::: Listed entries :::

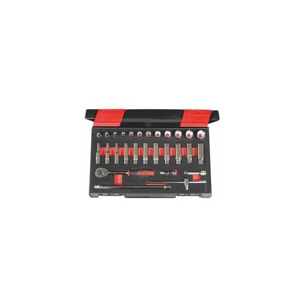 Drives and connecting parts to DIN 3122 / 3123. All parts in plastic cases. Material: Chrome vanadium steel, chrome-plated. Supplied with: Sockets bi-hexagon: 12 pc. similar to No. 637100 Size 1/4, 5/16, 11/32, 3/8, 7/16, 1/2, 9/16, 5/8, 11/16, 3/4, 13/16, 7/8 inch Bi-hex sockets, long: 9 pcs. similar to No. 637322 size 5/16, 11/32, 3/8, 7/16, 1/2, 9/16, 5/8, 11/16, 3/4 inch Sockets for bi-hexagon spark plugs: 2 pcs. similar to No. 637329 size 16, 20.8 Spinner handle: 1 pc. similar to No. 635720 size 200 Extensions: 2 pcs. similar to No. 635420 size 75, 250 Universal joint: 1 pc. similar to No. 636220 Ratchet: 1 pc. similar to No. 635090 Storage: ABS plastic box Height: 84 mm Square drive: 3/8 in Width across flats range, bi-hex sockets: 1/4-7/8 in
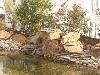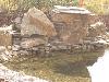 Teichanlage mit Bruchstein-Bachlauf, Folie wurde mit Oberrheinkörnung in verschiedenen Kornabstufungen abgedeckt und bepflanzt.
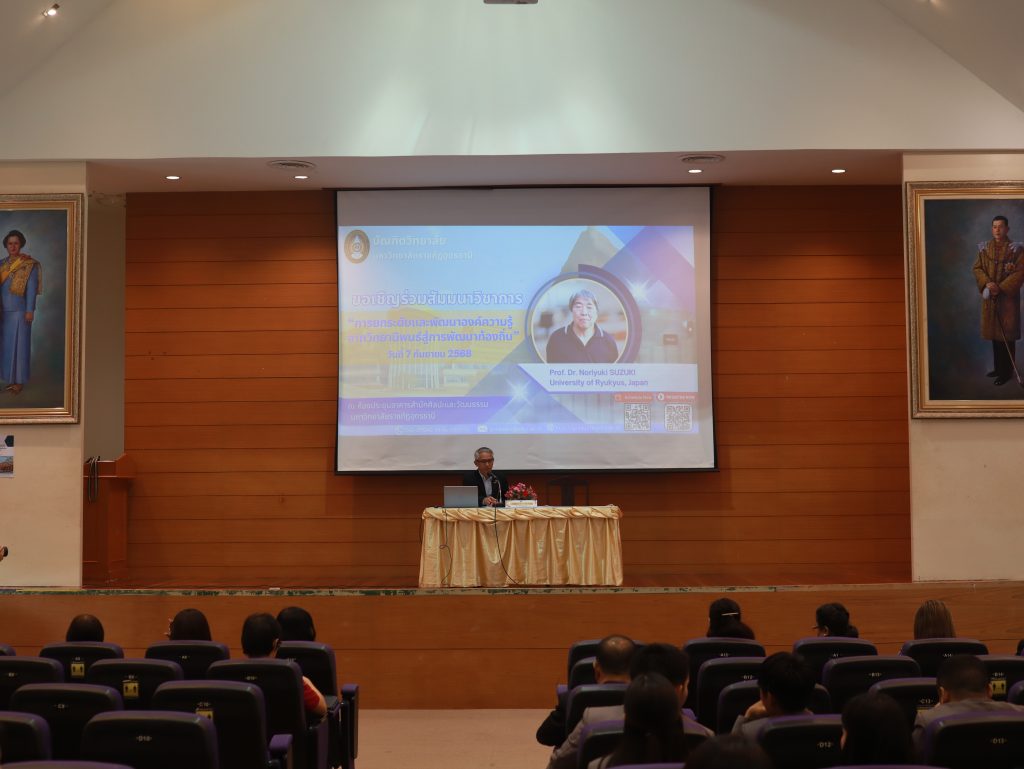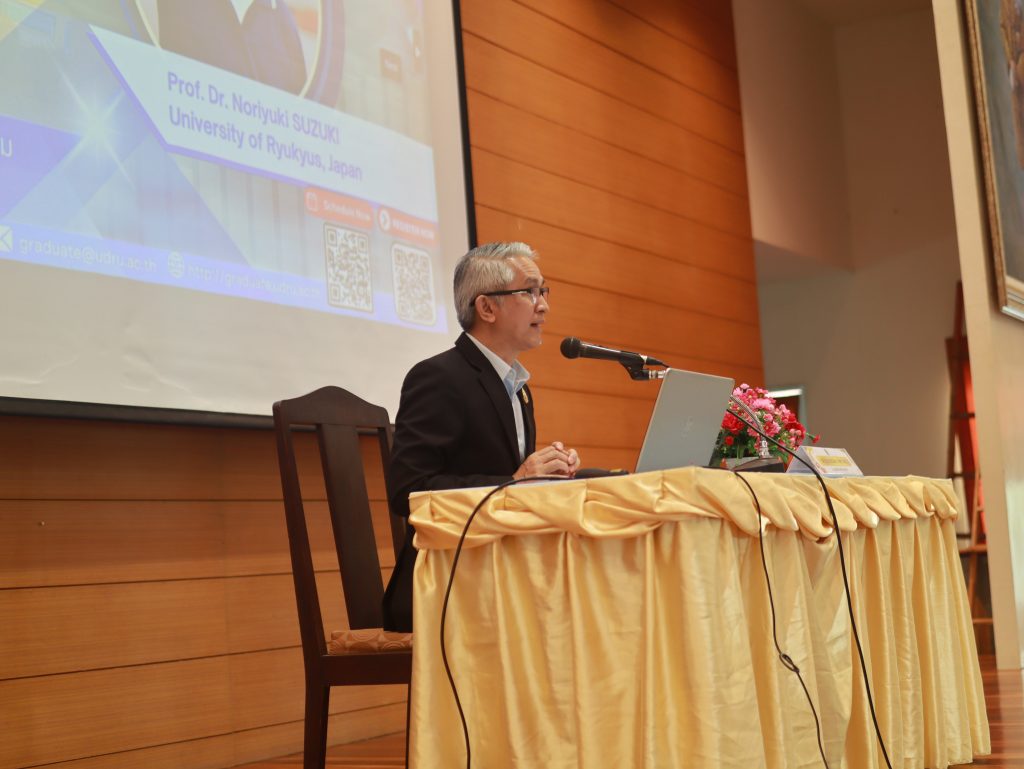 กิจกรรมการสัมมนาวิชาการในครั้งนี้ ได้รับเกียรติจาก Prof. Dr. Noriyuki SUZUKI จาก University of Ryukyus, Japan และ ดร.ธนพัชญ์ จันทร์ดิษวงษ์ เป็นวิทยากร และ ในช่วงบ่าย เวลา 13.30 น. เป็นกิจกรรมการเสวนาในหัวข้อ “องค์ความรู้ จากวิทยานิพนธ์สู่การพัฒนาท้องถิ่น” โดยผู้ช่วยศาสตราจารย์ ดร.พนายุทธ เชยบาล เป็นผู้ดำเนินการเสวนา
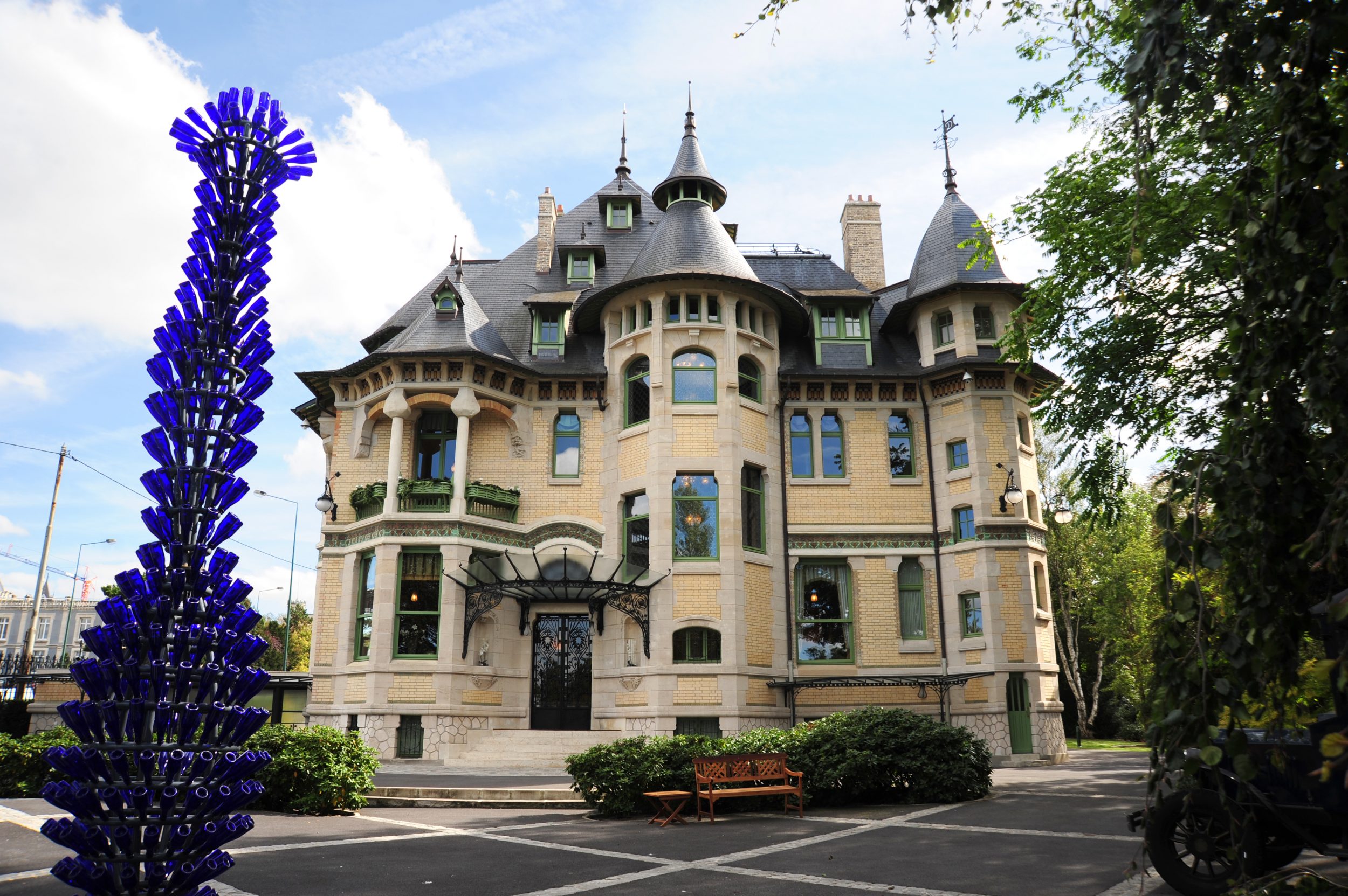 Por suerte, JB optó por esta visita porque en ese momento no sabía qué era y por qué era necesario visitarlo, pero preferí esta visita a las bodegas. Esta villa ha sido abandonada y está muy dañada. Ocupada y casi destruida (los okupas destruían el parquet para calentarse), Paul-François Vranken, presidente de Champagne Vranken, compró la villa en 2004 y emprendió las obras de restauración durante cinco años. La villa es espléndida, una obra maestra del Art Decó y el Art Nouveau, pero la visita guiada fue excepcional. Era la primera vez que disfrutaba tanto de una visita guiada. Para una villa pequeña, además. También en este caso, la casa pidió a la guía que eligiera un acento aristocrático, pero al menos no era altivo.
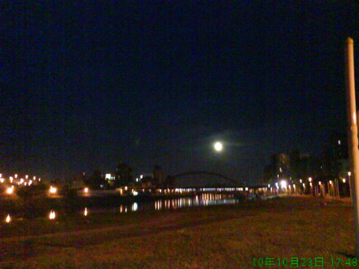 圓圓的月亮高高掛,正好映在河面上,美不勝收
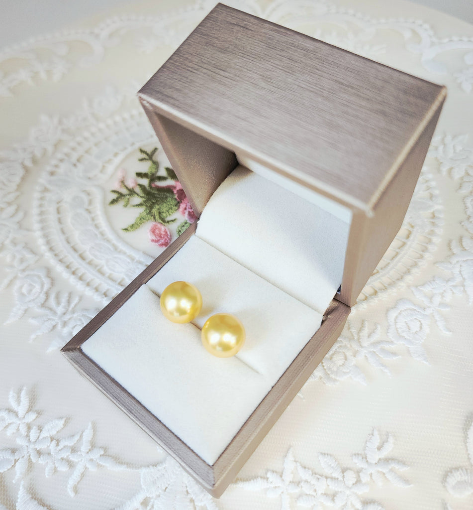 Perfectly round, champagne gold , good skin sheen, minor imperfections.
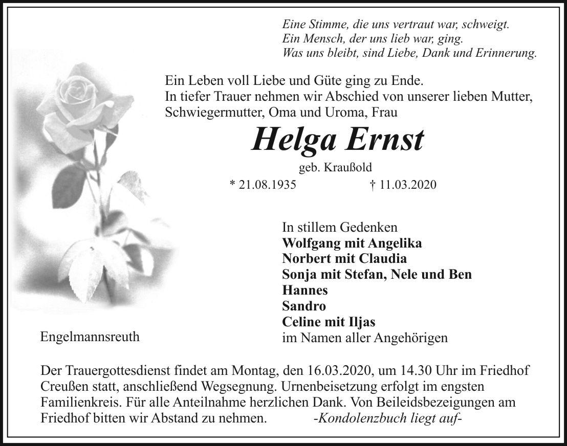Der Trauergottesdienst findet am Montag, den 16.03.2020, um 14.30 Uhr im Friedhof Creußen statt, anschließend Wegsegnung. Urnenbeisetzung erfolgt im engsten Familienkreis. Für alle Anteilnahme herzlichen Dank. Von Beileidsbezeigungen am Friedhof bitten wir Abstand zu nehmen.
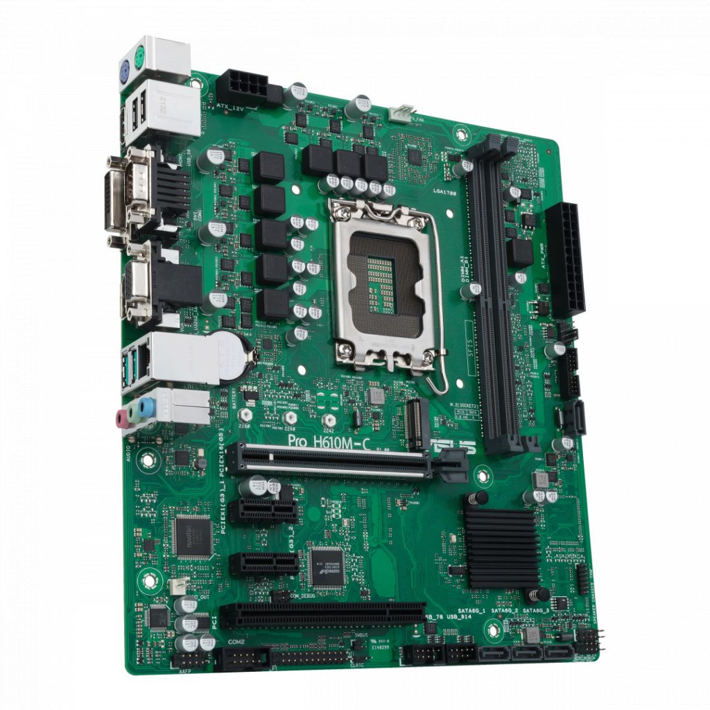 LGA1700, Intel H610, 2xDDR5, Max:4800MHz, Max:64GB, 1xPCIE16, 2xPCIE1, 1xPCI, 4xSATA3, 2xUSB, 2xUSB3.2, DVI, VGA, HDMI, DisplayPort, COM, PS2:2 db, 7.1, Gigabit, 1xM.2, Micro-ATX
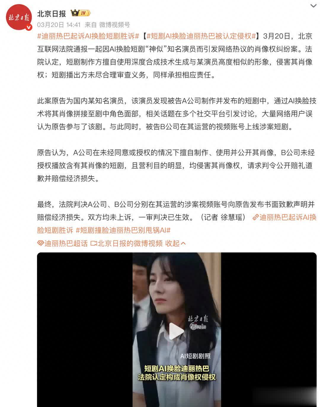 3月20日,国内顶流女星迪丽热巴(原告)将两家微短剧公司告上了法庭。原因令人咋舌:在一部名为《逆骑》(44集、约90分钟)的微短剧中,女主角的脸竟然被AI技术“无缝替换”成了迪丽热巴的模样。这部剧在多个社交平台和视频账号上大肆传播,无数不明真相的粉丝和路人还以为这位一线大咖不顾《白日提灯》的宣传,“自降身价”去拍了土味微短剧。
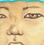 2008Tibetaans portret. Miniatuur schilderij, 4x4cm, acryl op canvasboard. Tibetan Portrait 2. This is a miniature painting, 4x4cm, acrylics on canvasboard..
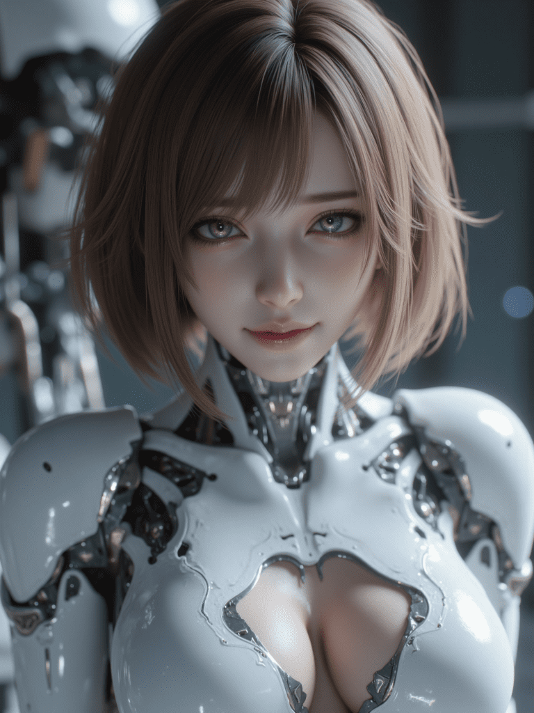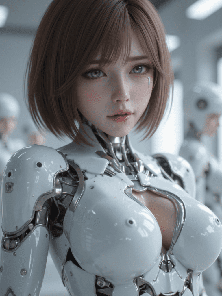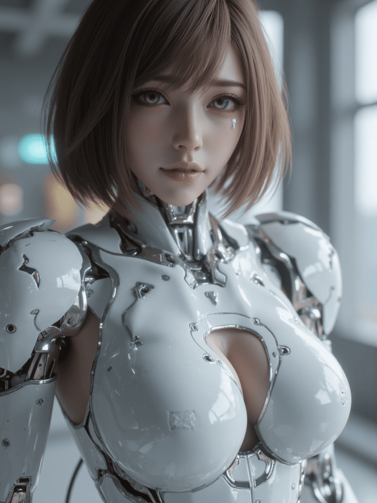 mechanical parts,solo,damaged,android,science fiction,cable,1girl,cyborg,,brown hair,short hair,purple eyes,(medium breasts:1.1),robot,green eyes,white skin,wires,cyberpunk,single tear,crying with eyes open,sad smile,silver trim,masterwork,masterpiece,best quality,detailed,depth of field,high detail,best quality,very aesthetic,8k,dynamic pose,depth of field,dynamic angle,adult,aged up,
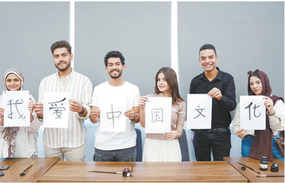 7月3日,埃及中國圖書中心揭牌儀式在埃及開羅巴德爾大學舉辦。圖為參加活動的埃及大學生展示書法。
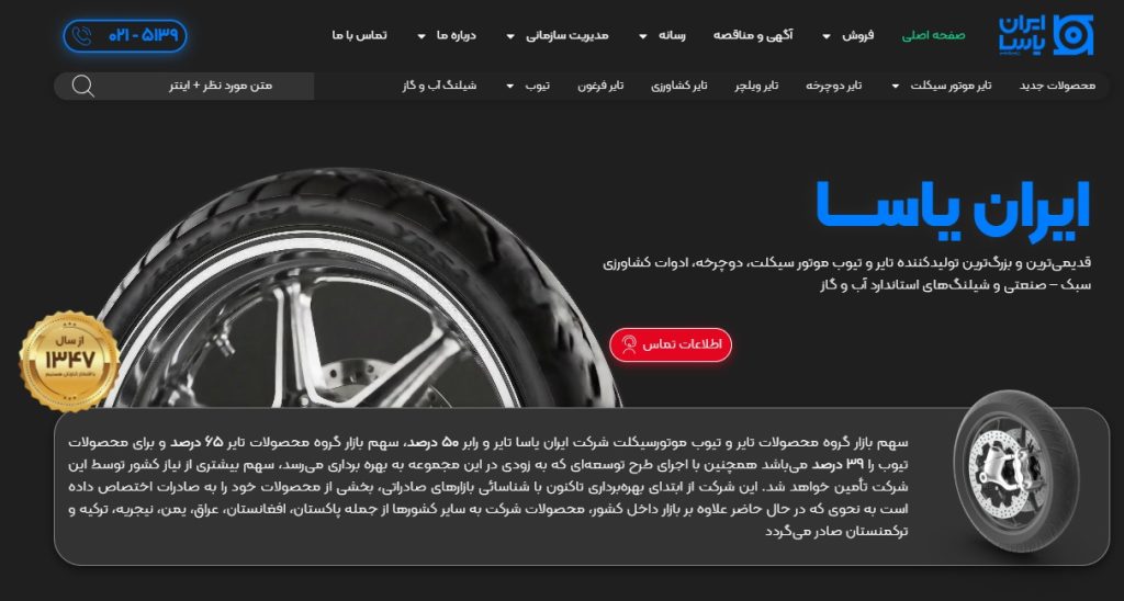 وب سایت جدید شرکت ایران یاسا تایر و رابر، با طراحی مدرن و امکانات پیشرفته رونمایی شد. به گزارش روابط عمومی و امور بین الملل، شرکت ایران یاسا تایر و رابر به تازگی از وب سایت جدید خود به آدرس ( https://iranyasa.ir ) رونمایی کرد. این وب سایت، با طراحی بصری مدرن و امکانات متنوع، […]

:::

What to work on ▸ From the entries above, copy exactly the lines starting at the one with "3月20日,国内顶流女星迪丽" and stopping at the one with "7月3日,埃及中國圖書中心揭", keeping both ends. Drop the pictures.

Task response ▸
 3月20日,国内顶流女星迪丽热巴(原告)将两家微短剧公司告上了法庭。原因令人咋舌:在一部名为《逆骑》(44集、约90分钟)的微短剧中,女主角的脸竟然被AI技术“无缝替换”成了迪丽热巴的模样。这部剧在多个社交平台和视频账号上大肆传播,无数不明真相的粉丝和路人还以为这位一线大咖不顾《白日提灯》的宣传,“自降身价”去拍了土味微短剧。
 2008Tibetaans portret. Miniatuur schilderij, 4x4cm, acryl op canvasboard. Tibetan Portrait 2. This is a miniature painting, 4x4cm, acrylics on canvasboard..
 mechanical parts,solo,damaged,android,science fiction,cable,1girl,cyborg,,brown hair,short hair,purple eyes,(medium breasts:1.1),robot,green eyes,white skin,wires,cyberpunk,single tear,crying with eyes open,sad smile,silver trim,masterwork,masterpiece,best quality,detailed,depth of field,high detail,best quality,very aesthetic,8k,dynamic pose,depth of field,dynamic angle,adult,aged up,
 7月3日,埃及中國圖書中心揭牌儀式在埃及開羅巴德爾大學舉辦。圖為參加活動的埃及大學生展示書法。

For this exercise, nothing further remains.